Make sure to tell your tenants about activities that may damage the ceiling, such as drilling holes or attaching items to it. Also, remind them to be cautious if using a bunk bed as it could easily disturb the ceiling. To safeguard against future asbestos-related risks, I would recommend you have an asbestos management plan prepared by a licensed asbestos remover. This plan will help address potential issues, particularly when contractors are involved in repairs or renovations that could potentially disturb materials containing asbestos.

- Ryan Weir

Q. I have a couple of rental properties and have just made an offer on another one, subject to finance. The bank has told me because I will own more than three rental properties they see it as a business, and I must pay business rates over a much shorter time period. Have you heard of this, and will it affect my weekly payments as I have already worked the figures out on residential interest rates over a 25-year term?

A. No bank should be doing this for a third property, so I suspect the banker has this wrong. The exception may be one bank I can think of where if your annual rental income is higher than earned income (salary or self-employed income) they tend to treat it this way.

This is one of the reasons we recommend split banking. By having your funding with more than one lender you can keep yourself out of the “one-bank trap”. This is better for asset protection reasons as well as avoiding issues like this.

Different banks have different criteria. As an example, one bank characterises more than two dwellings on one title as commercial and will price as such, where a different bank is fine treating six dwellings on a title as residential and again will price accordingly. Another example is apartments, where there are differences over how banks will treat the size of the apartment, whether they will include a deck as part of the size, and how the apartment is treated if there is a serviced accommodation component to it. Talk to a mortgage adviser and they should be able to get you around this.

- Kris Pedersen

Q. I am looking to purchase a house with the intent of developing the rear of the section, be it building a minor dwelling or subdividing and building a new house. Can I claim interest rate deductibility on a percentage of the purchase price as part of the land will be used for a new build?

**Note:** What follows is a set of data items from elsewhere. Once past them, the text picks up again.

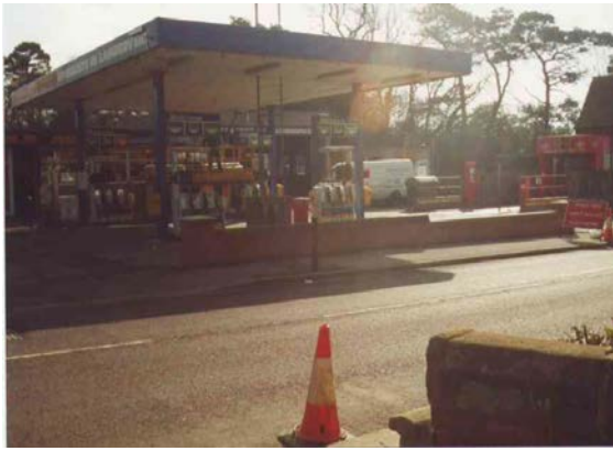
1970's – 44, Newton Road, AMR Autos (Andrew Reid) Across the road from 73, Newton Road

In the 1990's the garage was sold and AMR Autos moved to Stokesley. The land was used to build 12 flats – named 1-12, Roseberry Court.
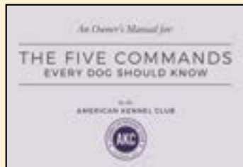
THE FIVE COMMANDS EVERY DOG SHOULD KNOW

We hope this information was valuable to you in helping your puppy live a long, healthy, happy life. Below, find additional books in our Owner's Manual series designed to strengthen the bond between you and your furry family member.
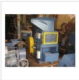
Shredder For Compost
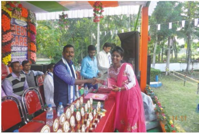
Annual Prize Distribution
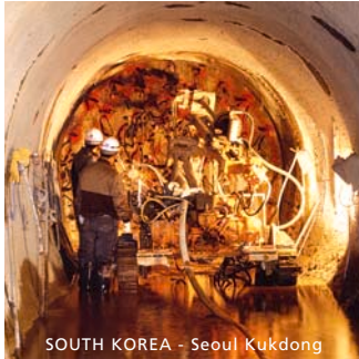
SOUTH KOREA - Seoul Kukdong
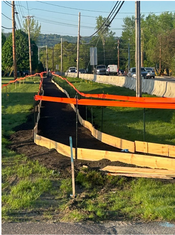
Crews install temporary pedestrian access routes along VT 2A in Williston, Vt.
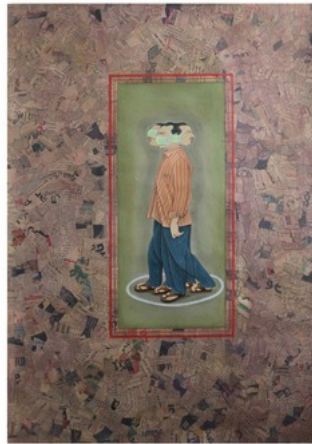
'Observation of a Pandemic Looker' | Ravi Chunchula | Gouache and news paper collage on rice paper | 28"x 19.5" | 2020

From afar, they look beautiful – a melange of rich colours, expertly layered in a composition both pleasing and evocative. But a closer examination unravels a whole other story – a story rendered through intricate details and graceful forms, painstakingly put together in a kaleidoscope where history comes alive. I am talking of course about the art of miniature painting – an art form that has been used as a tool to document lives for centuries. Miniature paintings might have originated way back around 750AD, but their revival within the contemporary framework is just as riveting as their traditional counterpart, if not more. A number of artists are taking the art form to new heights, exploring within the constraints of its delicate brushwork, a number of concerns speaking directly to the present times. And the best of them come together in New Stories in Old Frames – an exciting online exhibition of contemporary miniature paintings , put together by Dhi Artspace.
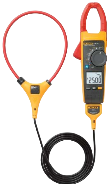
Fluke 376 FC with iFlex™
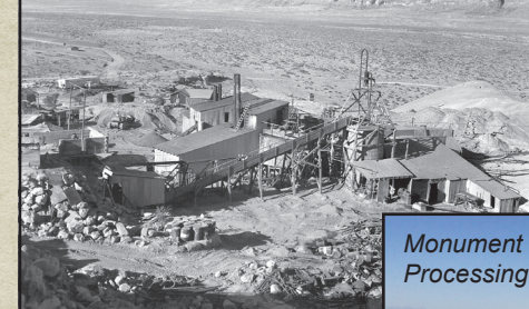
Monument Valley Mill
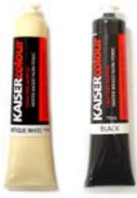
Kaisercolour - Antique White, Black
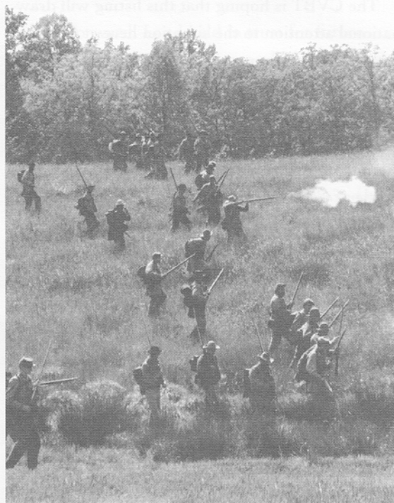
Infantry demonstrating tactics used during the Civil War.

began. The gates opened at 10 a.m. with cars streaming onto the McLaws' Wedge property. More than 3,000 people visited and enjoyed the living history program. Everything from infantry demonstrations to children's programs made it a fun filled and educational time for the entire family. The crowd bravely stood their ground as Confederate troops charged in a mock infantry
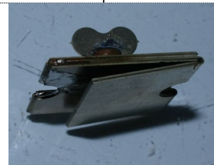
Fold the spring 180° <u>toward</u> the etched line This forms the spring plate
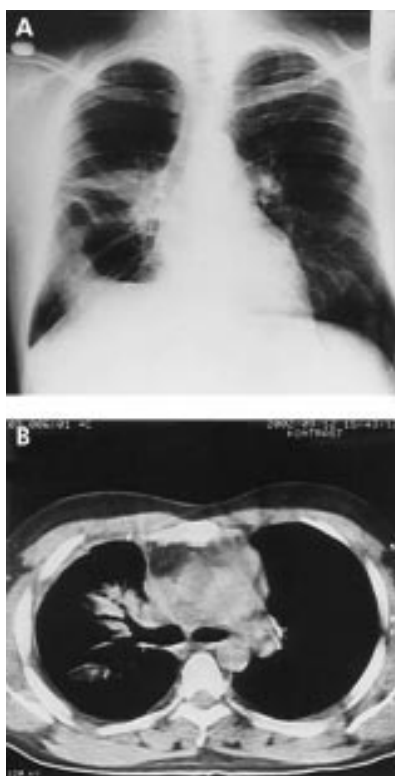
Figure 2 (A) Posteroanterior chest radiograph and (B) CT scan showing marked reduction in the lesions shown in fig 1.

We conclude that, in patients with a large or bilateral pulmonary BALT lymphoma, transbronchial or transthoracic biopsy and mediastinoscopy are useful diagnostic procedures
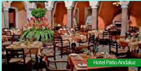
Hotel Patio Andaluz
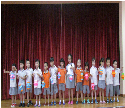
Students show lanterns in Mid-Autumn Festival

A. If you get a code compliance certificate showing there is a new self-contained dwelling on the land, then interest on the money borrowed to build that, and part of the interest on the money borrowed to buy the property in the first place, will be deductible. You will need to formulate a reasonable basis for splitting the initial loan between the front part of the land and the existing dwelling versus the rear part of the land where you build the new dwelling, to determine what interest is deductible. I do this by apportioning the value of the property between the existing dwelling and the land first, and then splitting front and rear parts of the land based on area.

- Matthew Gilligan

Q. I’m a 76-year-old investor with three rentals and my home. I manage the properties and rents are paid into a specific bank account. I’ve learnt that if I die my accounts will be frozen until probate is granted. It appears that my solicitor would in effect become a rather expensive property manager until then. Is there a way to set up the properties to avoid probate and allow their transfer to my son and daughter. I need the income, or I’d gift the properties now.

A. This is more a legal question than an accounting one, but on death the process of gaining probate is the legal process by which your executor formally takes control of the estate’s affairs. The process can certainly be time-consuming, often taking eight weeks or more. I am not aware of any mechanism to avoid the process, suffice to say that you have ruled out a trust. This alone would not be a significant enough reason to form a trust, but for those that have one there are different processes that occur when a settlor passes away which may include the appointment of a new trustee and the changing of the power of appointment. The deed will detail what occurs on the death of the settlor.